#### STORED DATA
====================

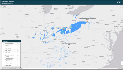 Por meio de seu ambiente GIS atual, os clientes da Esri agora podem acessar os dados quase em tempo real e de alta resolução da ICEYE para eventos de catástrofes naturais em todo o mundo. Essas informações, incluindo a extensão das inundações e as medições de inundação no nível da propriedade, são cruciais para a tomada de decisões críticas durante desastres naturais.
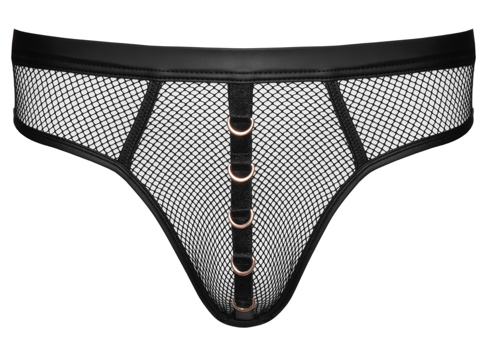 Betonender schwarzer Riostring von Svenjoyment aus luftigem Netzmaterial mit stylischen Details im angesagtem Wetlook. Mit 5 dekorativen goldfarbenen Ringen am zeigefreudigen Beutel. Der Netz-Rio ist rundum elastisch und weich anschmiegsam für hohen Tragekomfort.
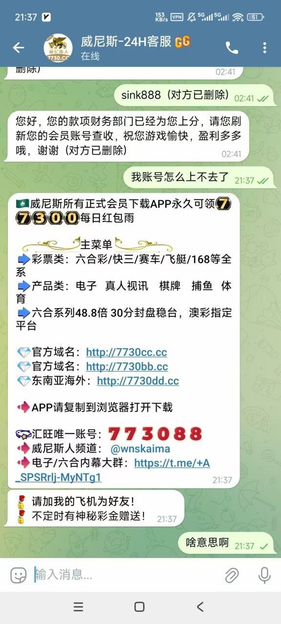 空清 在7月20号左右玩 一开始玩的时候看群里面16万多成员,威尼斯综合群里面每天都很热闹,以为是一个靠谱平台,就联系客服下载了APP,进行娱乐新澳门六合彩一开始玩充值USDT,基本上天天都有充值玩,我就每天和朋友分析下什么特码,VIP等级是VIP7。玩了大概半个月前后输了10几万块钱,8月12号中奖6万,体现正常,越让我放松了警惕,感觉这个平台相当的靠谱!直到8月15号哪天下午4-5点左右我下了将近1万元左右的特码,我就去忙别的事情去了,到晚上9点35分开奖的时候,我朋友告诉我中奖,他的APP提示中奖了,我就登录我的APP直接账号封禁,登录不上去,我朋友账号正常可以登录上去,我就很奇怪去联系客服问一下怎么回事,客户看到我的账号后,就不回消息,立马把我从16万人员群里面踢了出去,我要另外朋友去群里面问怎么回事,结果进群说到我这个事情立马踢出群,玩了差不多一个月在里面输了钱,一中奖就封号,最近几天我朋友他们都不敢在威尼斯app下注了,怕被黑,我身上4-5个人都在玩威尼斯人,而且都是我推荐过来的,没想到威尼斯格局只有那么一点大,10万不到的奖金都派发不了,直接封禁账号!下面只是一部分截图,充值的截图太多了。希望威尼斯管理人员看到帮我处理这件事情,这件事情没有解决我朋友他们都不敢玩!不要以小失大。 —————————

====================

#### EXERCISE
Please write out only the material above, exactly, from its first line through the line that contains "Betonender schwarzer Riostring", and include no pictures.

#### THE COMPLETED TASK
 Por meio de seu ambiente GIS atual, os clientes da Esri agora podem acessar os dados quase em tempo real e de alta resolução da ICEYE para eventos de catástrofes naturais em todo o mundo. Essas informações, incluindo a extensão das inundações e as medições de inundação no nível da propriedade, são cruciais para a tomada de decisões críticas durante desastres naturais.
 Betonender schwarzer Riostring von Svenjoyment aus luftigem Netzmaterial mit stylischen Details im angesagtem Wetlook. Mit 5 dekorativen goldfarbenen Ringen am zeigefreudigen Beutel. Der Netz-Rio ist rundum elastisch und weich anschmiegsam für hohen Tragekomfort.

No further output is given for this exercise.